TASK.
Please give again exactly the lines from the top of the material through the line with "央視網(wǎng)消息:國家"; omit each picture.
Content starts
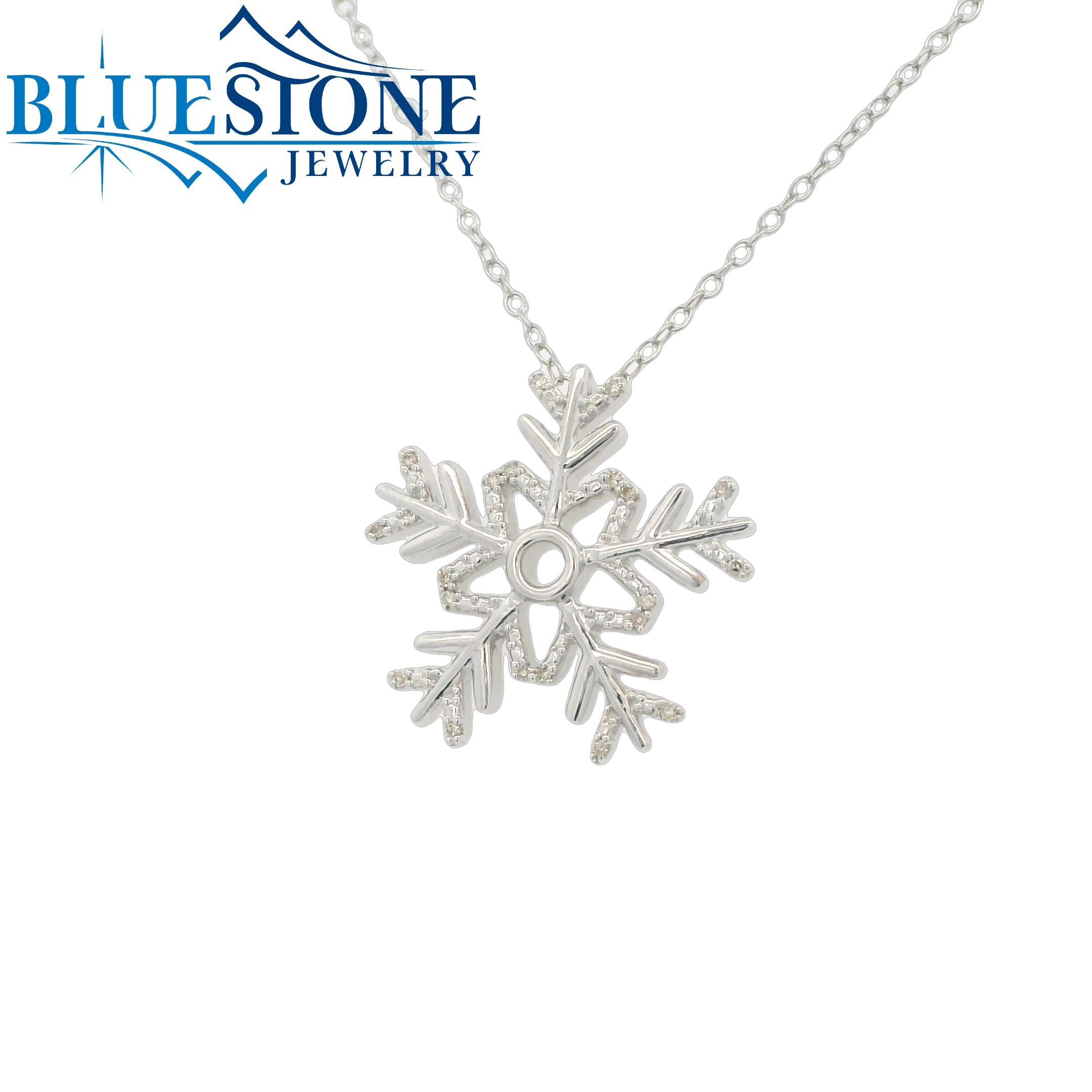 Sterling Silver Snowflake Pendant with 20 Round Diamonds at 0.08 carats total weight.Come on a Sterling Silver 18 Inch Rolo Chain. Pendant measures approximately 7/8" wide.
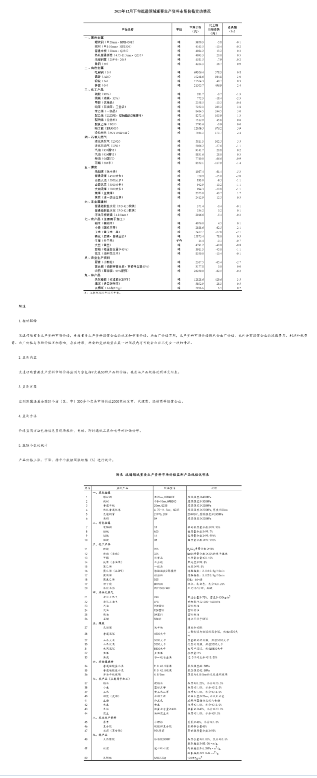 央視網(wǎng)消息:國家統(tǒng)計局發(fā)布數(shù)據(jù),據(jù)對全國流通領(lǐng)域9大類50種重要生產(chǎn)資料市場價格的監(jiān)測顯示,2023年12月下旬與12月中旬相比,24種產(chǎn)品價格上漲,24種下降,2種持平。其中,生豬(外三元)每千克價格比12月中旬下跌0.1元,跌幅0.7%。
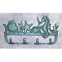 61 Cast Iron Sealife Key Hook with Seahorse Shell and Fish Green with Rustic Bronze Finish 4 Hooks Includes Matching Screws for Easy Hanging by Nauti
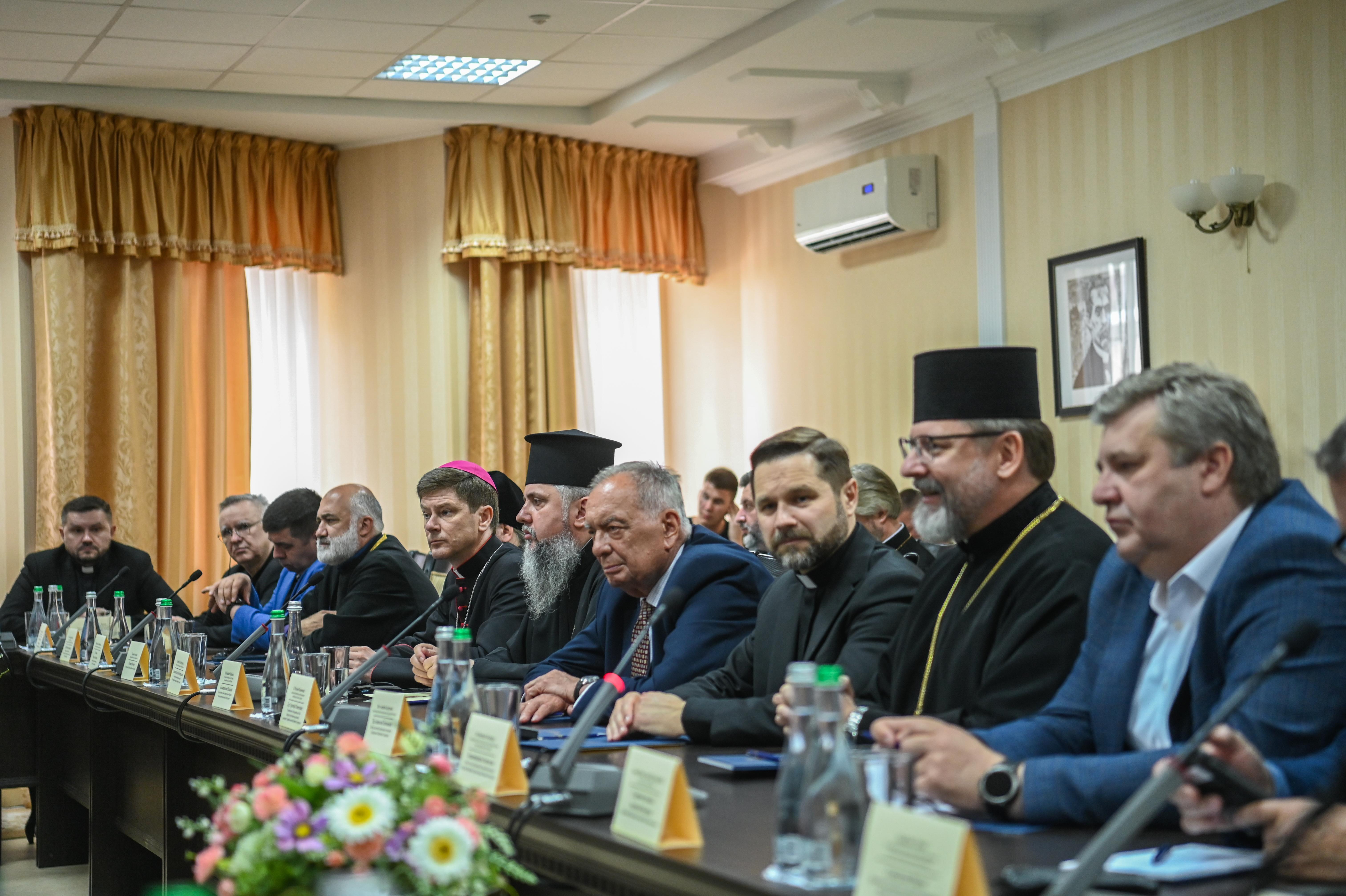 Глави й уповноважені представники конфесій розповіли послам «великої сімки» про злочини рф в релігійній сфері України, у тому числі, релігійних переслідуваннях на тимчасово окупованих територіях України, руйнування й пошкодження церковних будівель, тощо. Розмова також торкалася питань законодавчого забезпечення свободи віросповідання від ворожого іноземного втручання і від використання довіри до релігії як інструменту в гібридній агресії проти України.
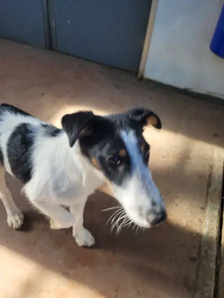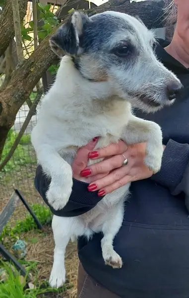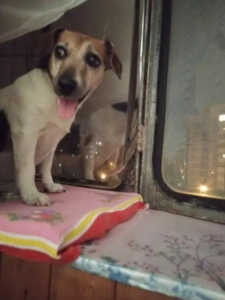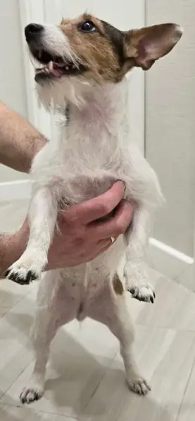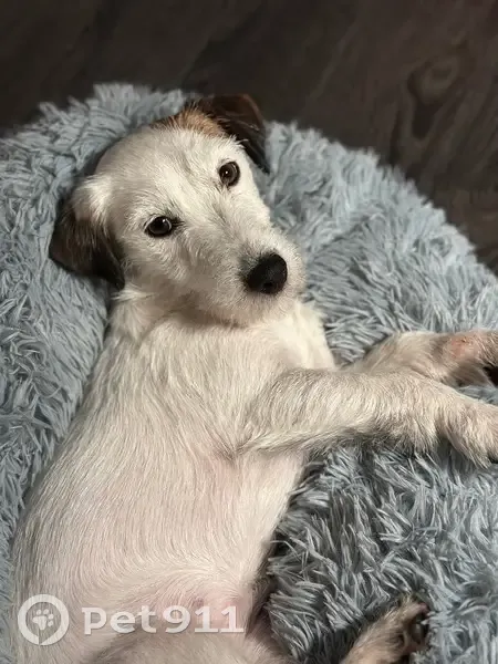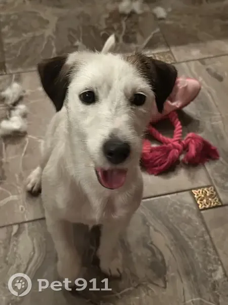 Белая Джек Рассел терьер среднешерстная, с коричневыми ушами, коричневым пятном слева от хвоста. Ошейник с фиолетовым адресником в виде косточки, с номером телефона. Дружелюбная. Любит слово яблочко, вкусняшки
Content ends
OUTPUT.
 Sterling Silver Snowflake Pendant with 20 Round Diamonds at 0.08 carats total weight.Come on a Sterling Silver 18 Inch Rolo Chain. Pendant measures approximately 7/8" wide.
 央視網(wǎng)消息:國家統(tǒng)計局發(fā)布數(shù)據(jù),據(jù)對全國流通領(lǐng)域9大類50種重要生產(chǎn)資料市場價格的監(jiān)測顯示,2023年12月下旬與12月中旬相比,24種產(chǎn)品價格上漲,24種下降,2種持平。其中,生豬(外三元)每千克價格比12月中旬下跌0.1元,跌幅0.7%。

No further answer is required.